**Data records**
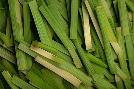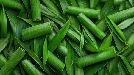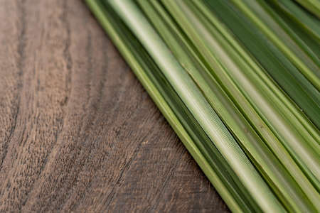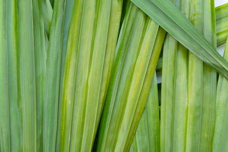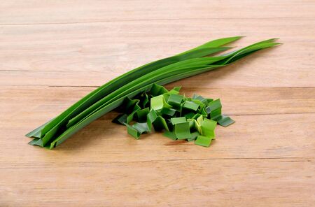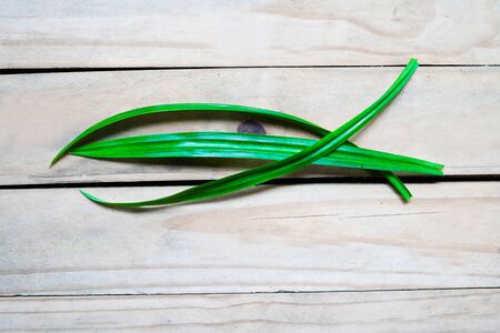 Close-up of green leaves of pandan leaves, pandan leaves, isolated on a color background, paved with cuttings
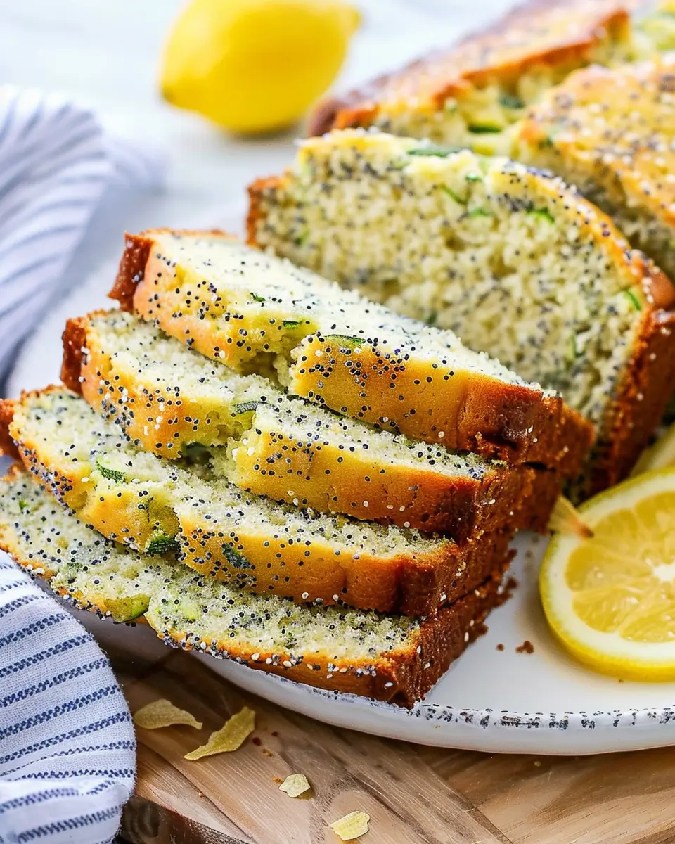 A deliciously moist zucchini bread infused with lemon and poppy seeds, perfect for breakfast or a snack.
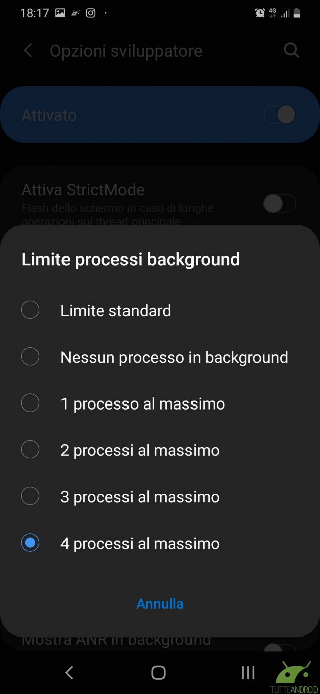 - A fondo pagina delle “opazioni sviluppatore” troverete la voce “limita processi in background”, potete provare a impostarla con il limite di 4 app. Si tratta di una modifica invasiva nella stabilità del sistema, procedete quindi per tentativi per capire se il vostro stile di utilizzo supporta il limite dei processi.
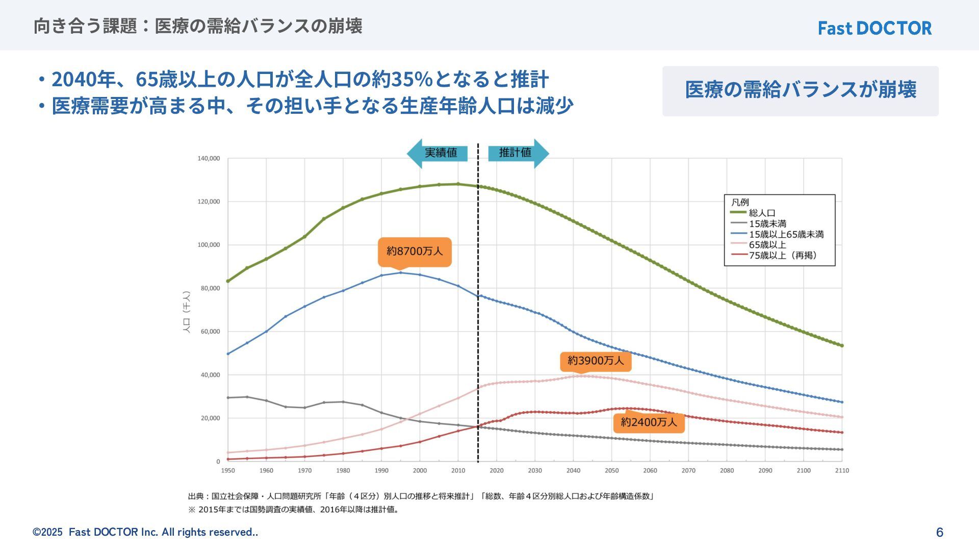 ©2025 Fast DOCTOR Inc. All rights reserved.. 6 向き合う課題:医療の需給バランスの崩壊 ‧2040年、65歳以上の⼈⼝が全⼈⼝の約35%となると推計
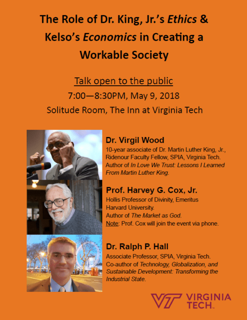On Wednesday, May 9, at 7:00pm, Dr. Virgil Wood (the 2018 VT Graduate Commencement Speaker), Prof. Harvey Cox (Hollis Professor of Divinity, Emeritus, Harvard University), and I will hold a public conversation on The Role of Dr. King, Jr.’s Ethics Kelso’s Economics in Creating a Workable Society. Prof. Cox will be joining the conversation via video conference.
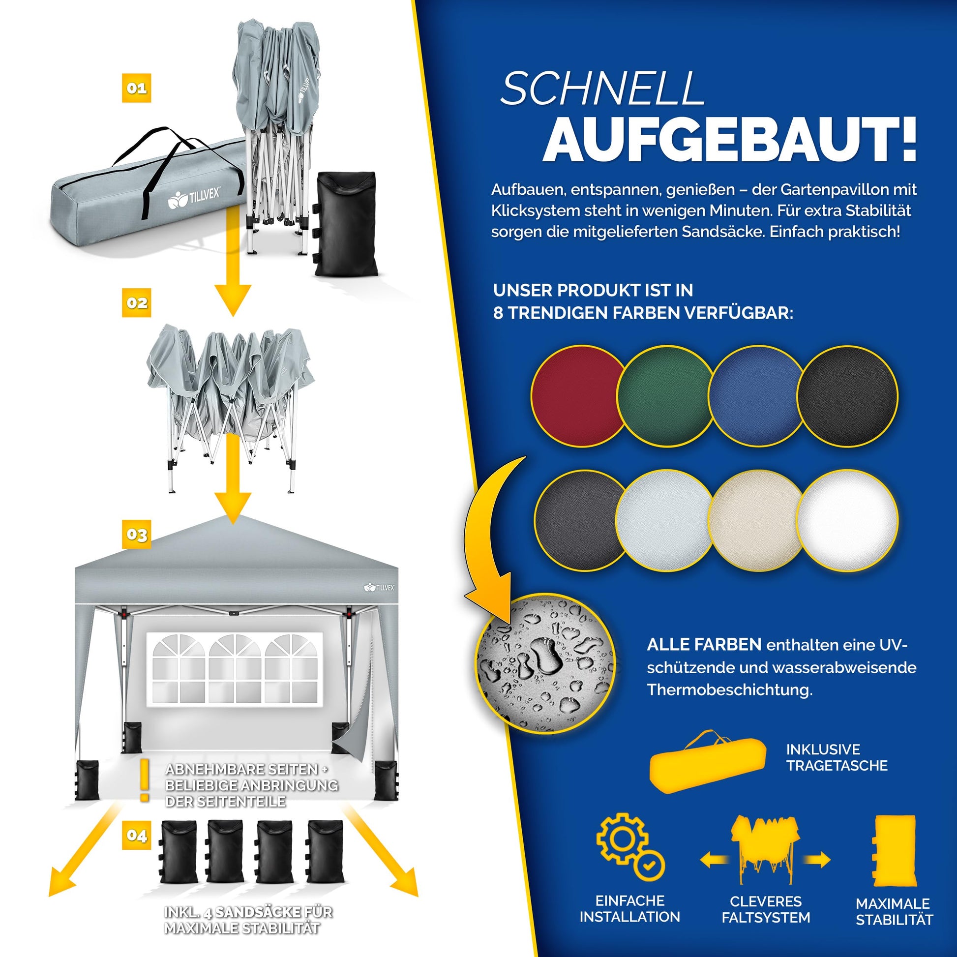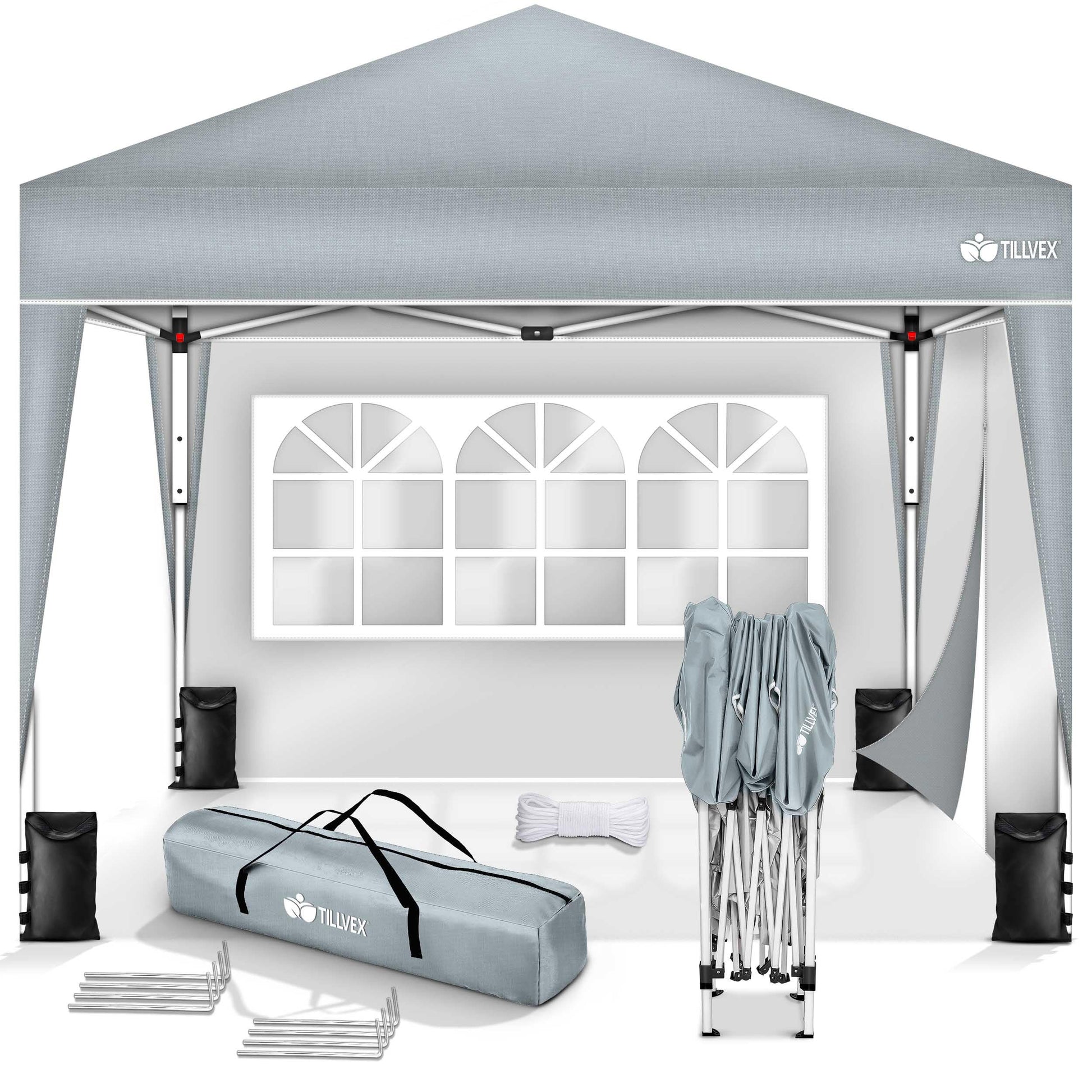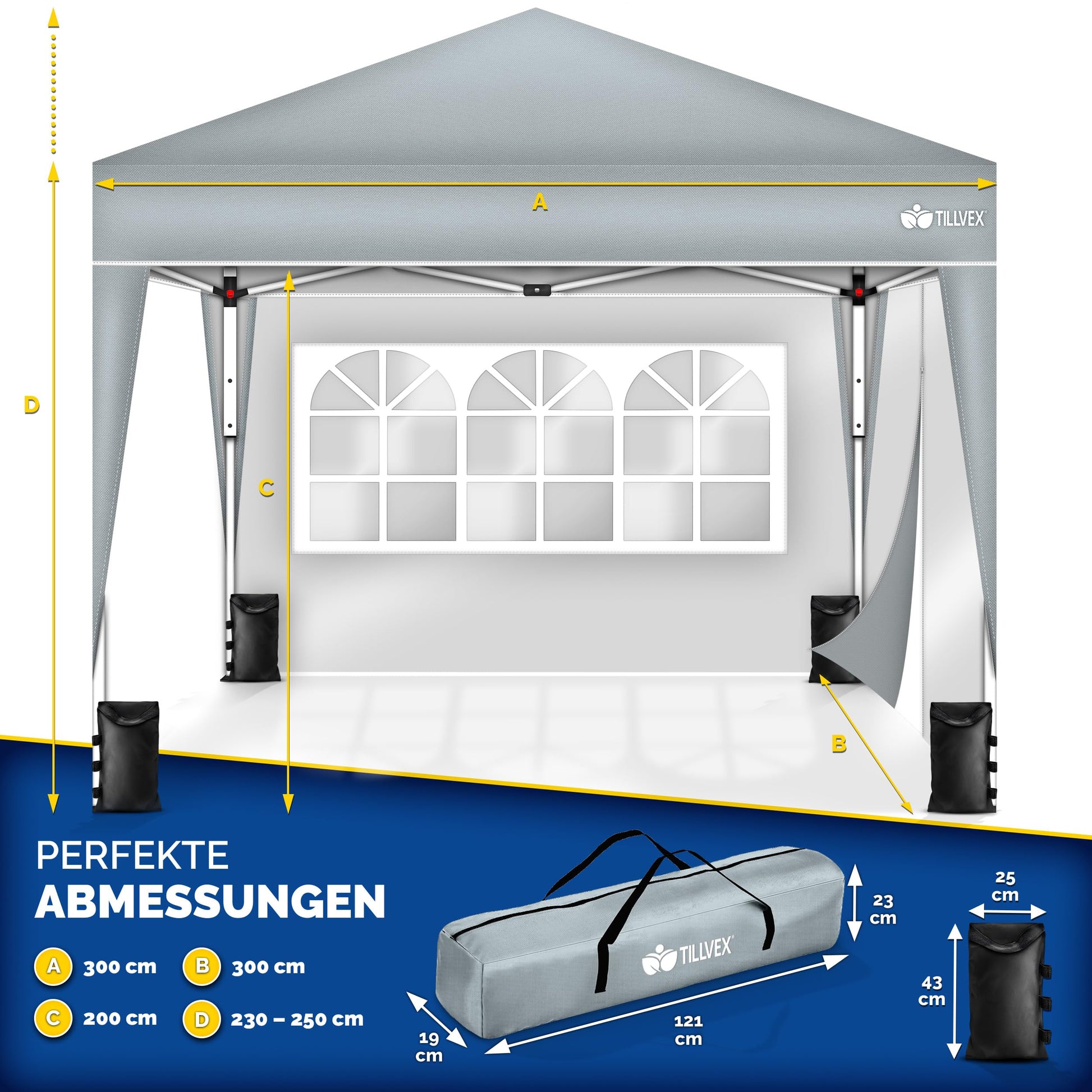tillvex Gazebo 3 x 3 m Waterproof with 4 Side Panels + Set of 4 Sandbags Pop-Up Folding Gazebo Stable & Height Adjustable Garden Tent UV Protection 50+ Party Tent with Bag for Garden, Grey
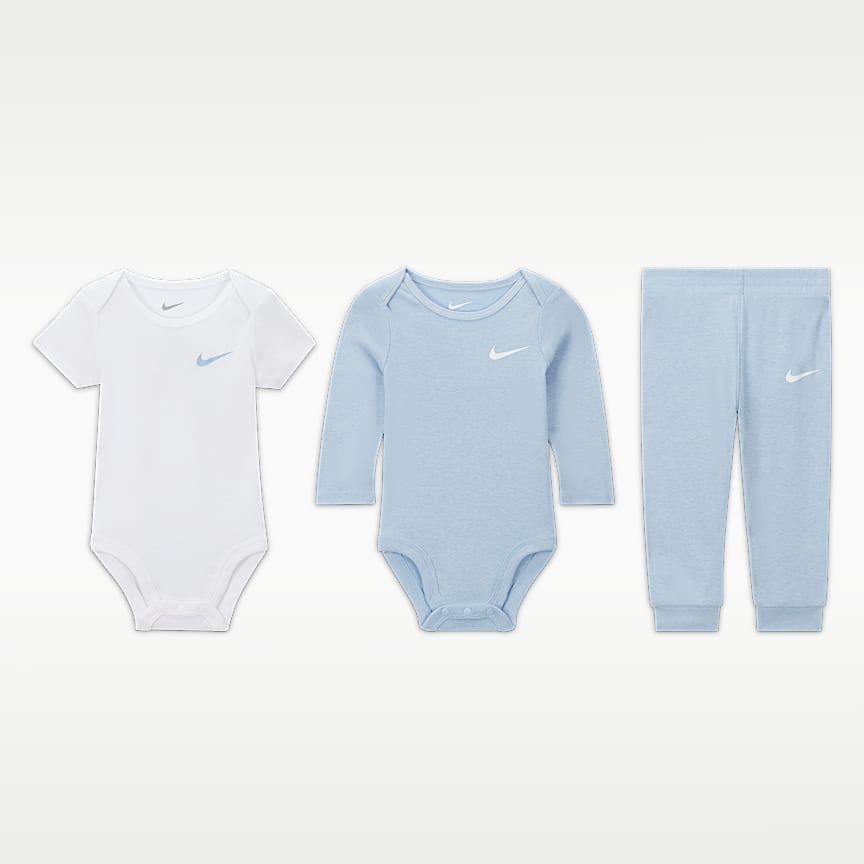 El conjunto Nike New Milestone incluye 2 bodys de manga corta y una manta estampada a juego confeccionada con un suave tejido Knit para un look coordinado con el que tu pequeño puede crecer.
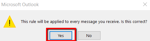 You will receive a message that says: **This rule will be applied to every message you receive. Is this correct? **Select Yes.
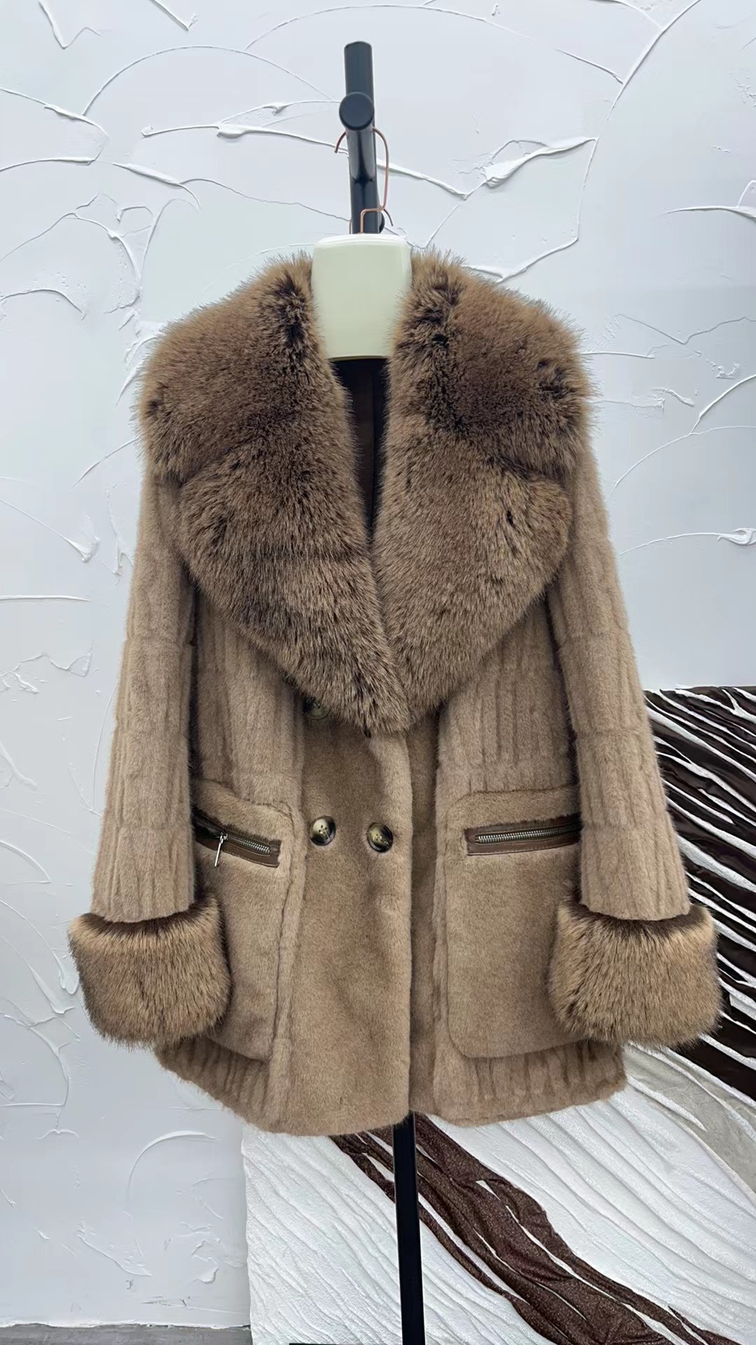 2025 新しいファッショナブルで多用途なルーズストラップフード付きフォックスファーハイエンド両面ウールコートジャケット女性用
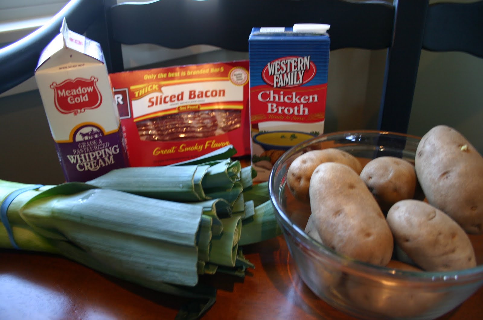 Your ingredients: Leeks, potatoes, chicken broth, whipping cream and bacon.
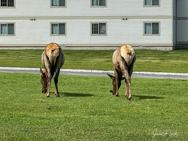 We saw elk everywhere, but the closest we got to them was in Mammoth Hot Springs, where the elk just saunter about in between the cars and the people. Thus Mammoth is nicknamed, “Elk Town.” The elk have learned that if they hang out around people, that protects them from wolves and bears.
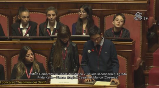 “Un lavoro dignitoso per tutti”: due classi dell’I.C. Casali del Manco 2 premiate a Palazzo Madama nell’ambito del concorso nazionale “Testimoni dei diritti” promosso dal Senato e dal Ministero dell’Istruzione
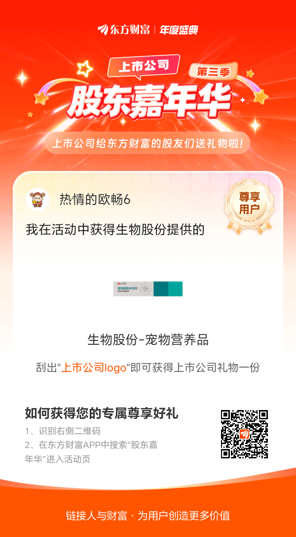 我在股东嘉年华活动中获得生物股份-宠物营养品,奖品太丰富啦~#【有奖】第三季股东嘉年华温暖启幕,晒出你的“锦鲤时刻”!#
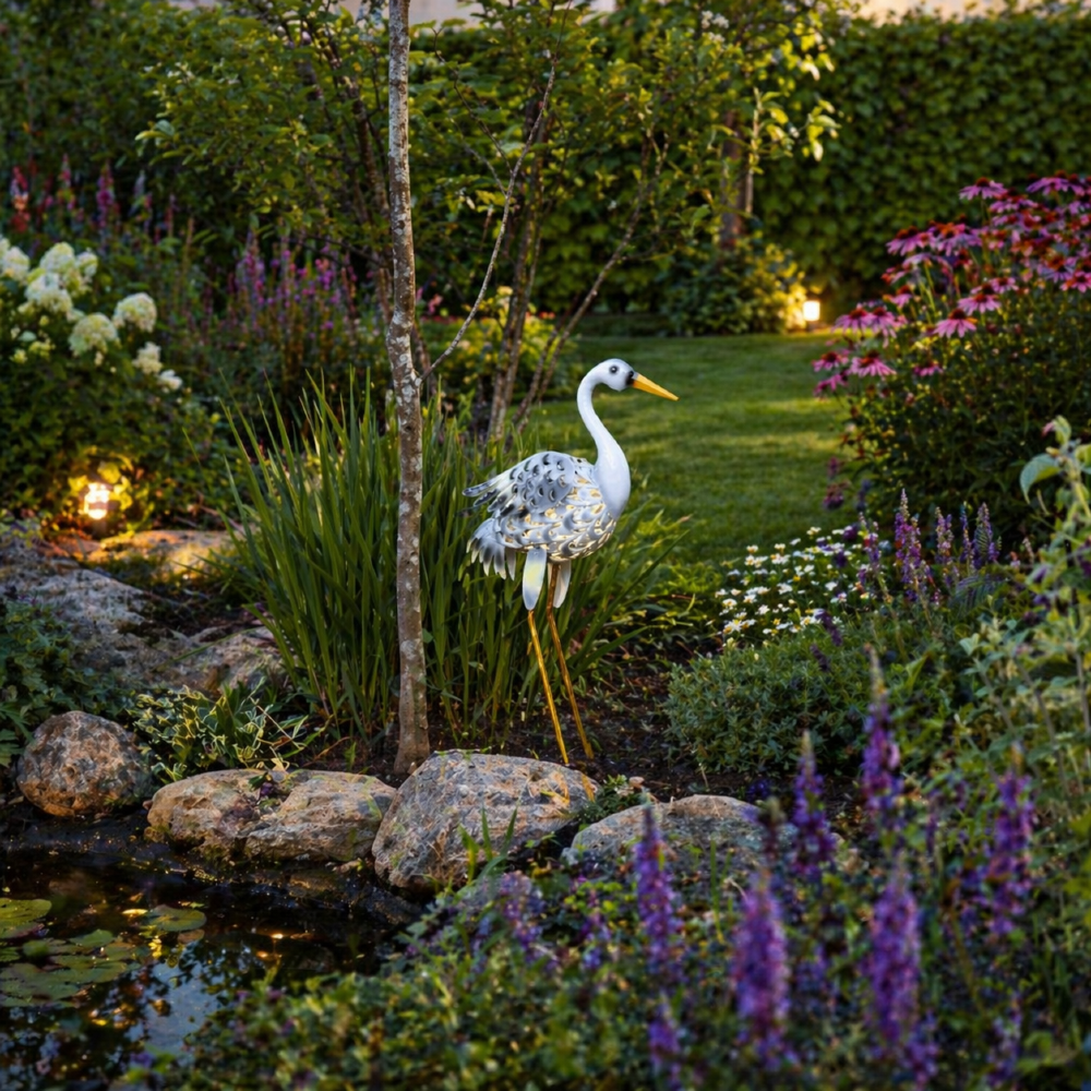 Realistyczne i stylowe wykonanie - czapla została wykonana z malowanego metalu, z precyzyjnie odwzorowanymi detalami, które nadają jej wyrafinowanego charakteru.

**What needs to be done**
Down to the last line, return the entries above exactly, with no pictures.

**Output for this task**
 Close-up of green leaves of pandan leaves, pandan leaves, isolated on a color background, paved with cuttings
 A deliciously moist zucchini bread infused with lemon and poppy seeds, perfect for breakfast or a snack.
 - A fondo pagina delle “opazioni sviluppatore” troverete la voce “limita processi in background”, potete provare a impostarla con il limite di 4 app. Si tratta di una modifica invasiva nella stabilità del sistema, procedete quindi per tentativi per capire se il vostro stile di utilizzo supporta il limite dei processi.
 ©2025 Fast DOCTOR Inc. All rights reserved.. 6 向き合う課題:医療の需給バランスの崩壊 ‧2040年、65歳以上の⼈⼝が全⼈⼝の約35%となると推計
On Wednesday, May 9, at 7:00pm, Dr. Virgil Wood (the 2018 VT Graduate Commencement Speaker), Prof. Harvey Cox (Hollis Professor of Divinity, Emeritus, Harvard University), and I will hold a public conversation on The Role of Dr. King, Jr.’s Ethics Kelso’s Economics in Creating a Workable Society. Prof. Cox will be joining the conversation via video conference.
tillvex Gazebo 3 x 3 m Waterproof with 4 Side Panels + Set of 4 Sandbags Pop-Up Folding Gazebo Stable & Height Adjustable Garden Tent UV Protection 50+ Party Tent with Bag for Garden, Grey
 El conjunto Nike New Milestone incluye 2 bodys de manga corta y una manta estampada a juego confeccionada con un suave tejido Knit para un look coordinado con el que tu pequeño puede crecer.
 You will receive a message that says: **This rule will be applied to every message you receive. Is this correct? **Select Yes.
 2025 新しいファッショナブルで多用途なルーズストラップフード付きフォックスファーハイエンド両面ウールコートジャケット女性用
 Your ingredients: Leeks, potatoes, chicken broth, whipping cream and bacon.
 We saw elk everywhere, but the closest we got to them was in Mammoth Hot Springs, where the elk just saunter about in between the cars and the people. Thus Mammoth is nicknamed, “Elk Town.” The elk have learned that if they hang out around people, that protects them from wolves and bears.
 “Un lavoro dignitoso per tutti”: due classi dell’I.C. Casali del Manco 2 premiate a Palazzo Madama nell’ambito del concorso nazionale “Testimoni dei diritti” promosso dal Senato e dal Ministero dell’Istruzione
 我在股东嘉年华活动中获得生物股份-宠物营养品,奖品太丰富啦~#【有奖】第三季股东嘉年华温暖启幕,晒出你的“锦鲤时刻”!#
 Realistyczne i stylowe wykonanie - czapla została wykonana z malowanego metalu, z precyzyjnie odwzorowanymi detalami, które nadają jej wyrafinowanego charakteru.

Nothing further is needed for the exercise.